** Records to process follows **

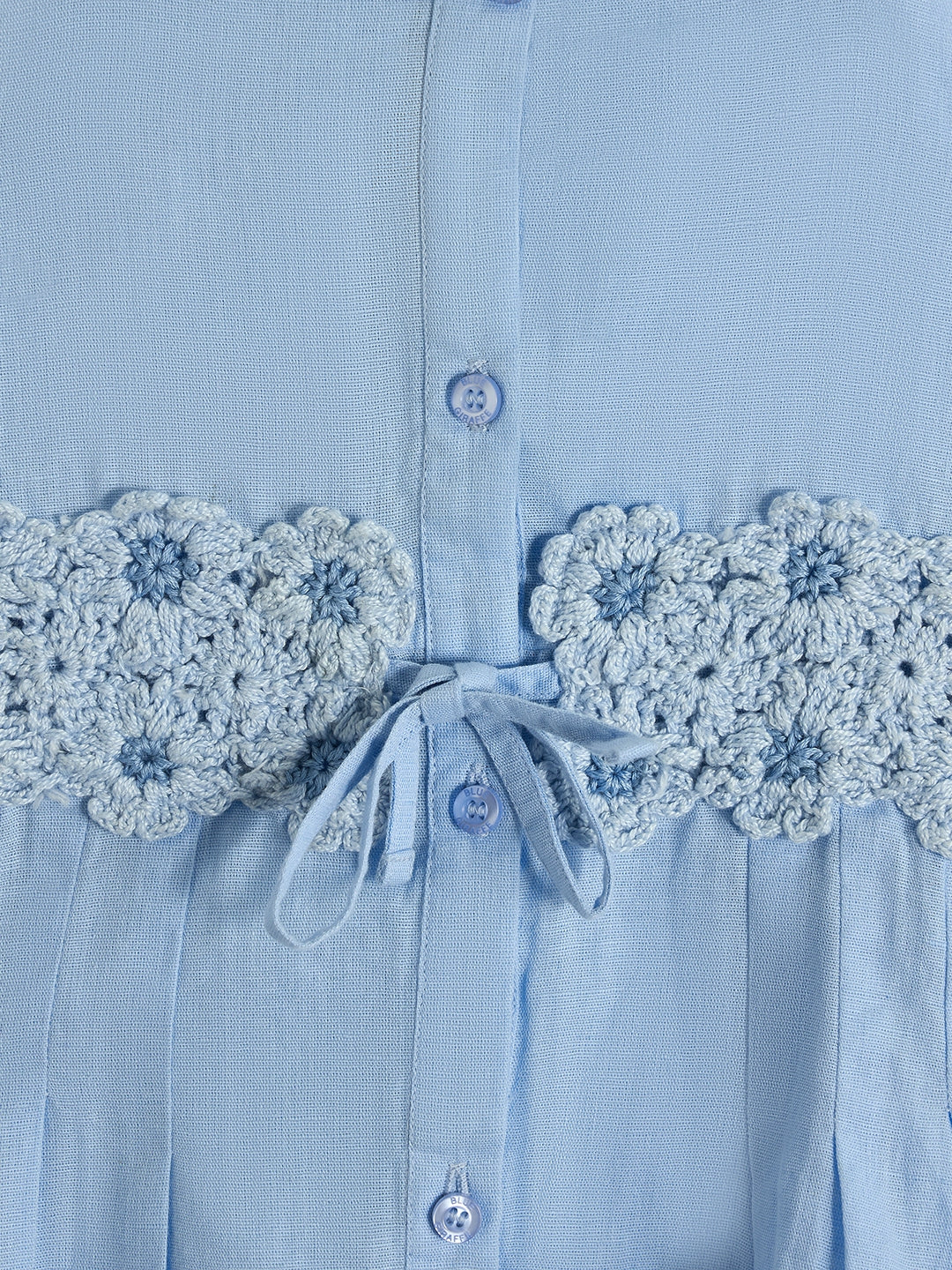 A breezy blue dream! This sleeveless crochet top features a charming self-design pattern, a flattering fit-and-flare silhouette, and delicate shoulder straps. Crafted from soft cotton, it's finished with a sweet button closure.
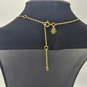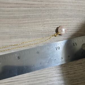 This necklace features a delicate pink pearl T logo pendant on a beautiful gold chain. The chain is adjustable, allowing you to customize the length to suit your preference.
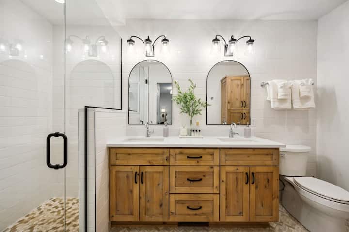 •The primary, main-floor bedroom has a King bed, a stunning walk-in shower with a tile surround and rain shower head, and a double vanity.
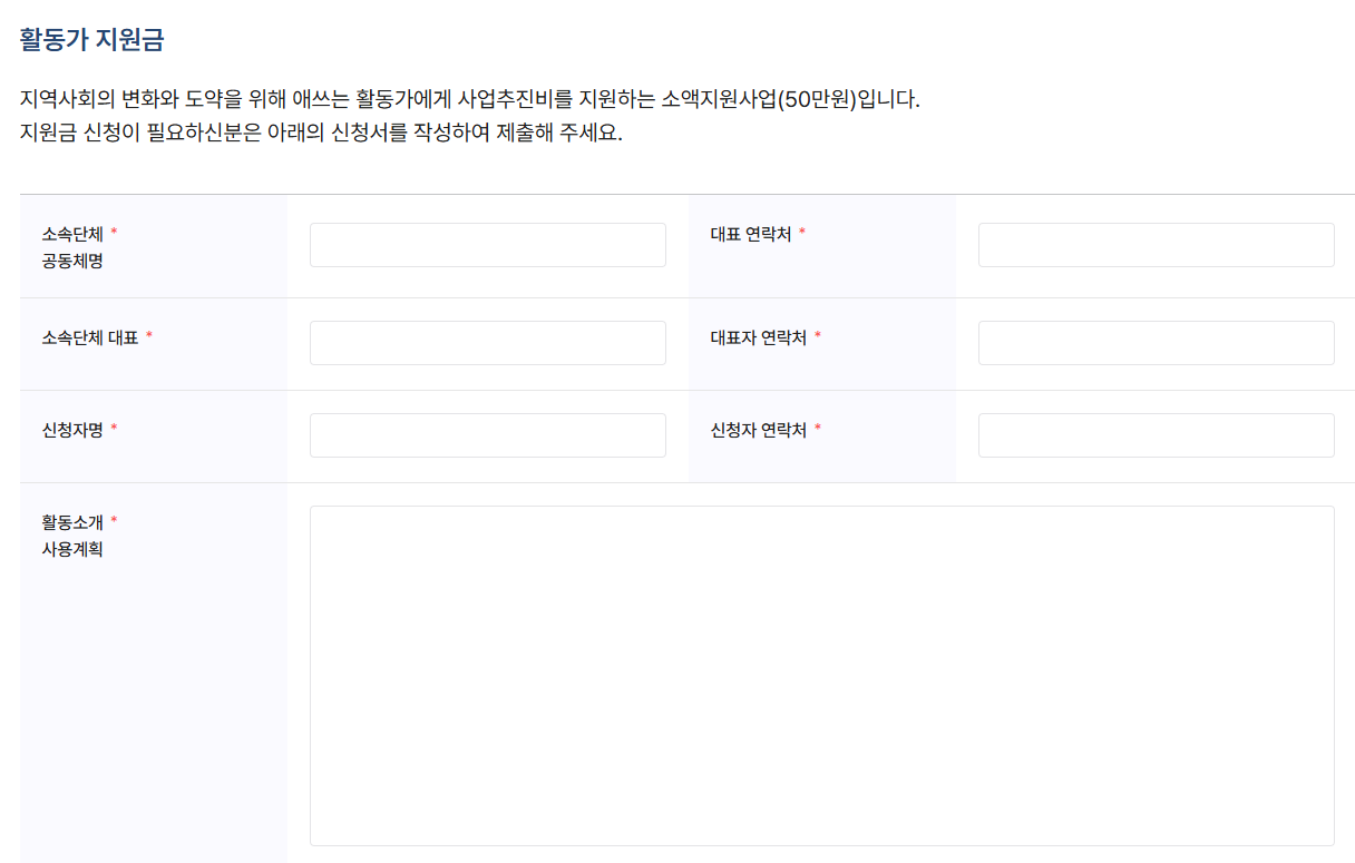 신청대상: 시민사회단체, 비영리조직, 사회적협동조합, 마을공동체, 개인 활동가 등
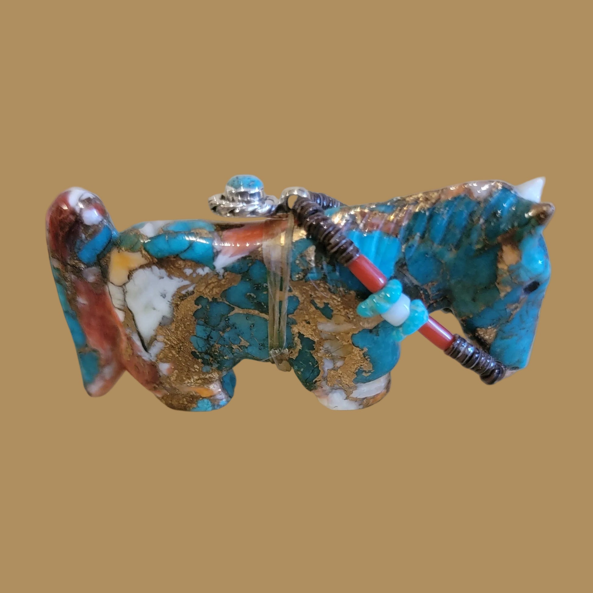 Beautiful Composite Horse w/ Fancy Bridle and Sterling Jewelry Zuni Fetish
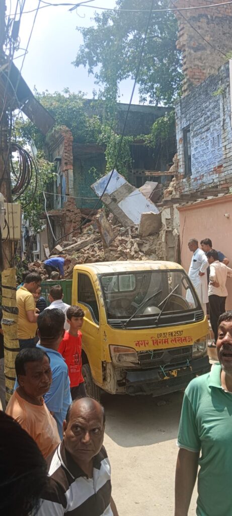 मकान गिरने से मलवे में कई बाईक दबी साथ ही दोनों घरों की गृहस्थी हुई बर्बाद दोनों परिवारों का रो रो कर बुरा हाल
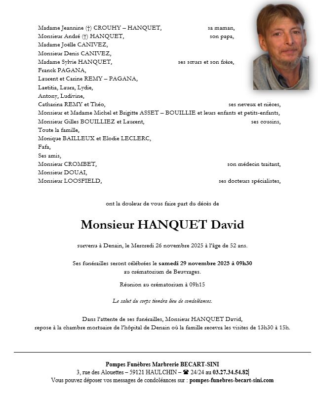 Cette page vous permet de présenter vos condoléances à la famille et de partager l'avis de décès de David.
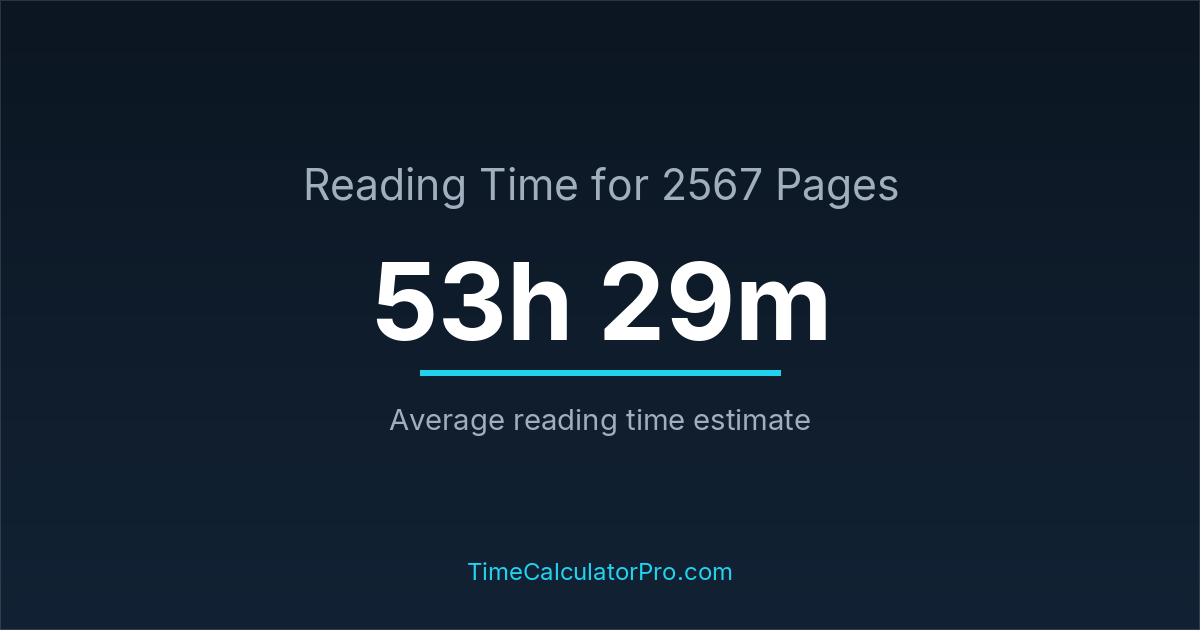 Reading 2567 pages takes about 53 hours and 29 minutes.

** End of Records to process **

When copying the records above, please match them exactly but leave out all pictures.

_Answer section_
 A breezy blue dream! This sleeveless crochet top features a charming self-design pattern, a flattering fit-and-flare silhouette, and delicate shoulder straps. Crafted from soft cotton, it's finished with a sweet button closure.
 This necklace features a delicate pink pearl T logo pendant on a beautiful gold chain. The chain is adjustable, allowing you to customize the length to suit your preference.
 •The primary, main-floor bedroom has a King bed, a stunning walk-in shower with a tile surround and rain shower head, and a double vanity.
 신청대상: 시민사회단체, 비영리조직, 사회적협동조합, 마을공동체, 개인 활동가 등
 Beautiful Composite Horse w/ Fancy Bridle and Sterling Jewelry Zuni Fetish
 मकान गिरने से मलवे में कई बाईक दबी साथ ही दोनों घरों की गृहस्थी हुई बर्बाद दोनों परिवारों का रो रो कर बुरा हाल
 Cette page vous permet de présenter vos condoléances à la famille et de partager l'avis de décès de David.
 Reading 2567 pages takes about 53 hours and 29 minutes.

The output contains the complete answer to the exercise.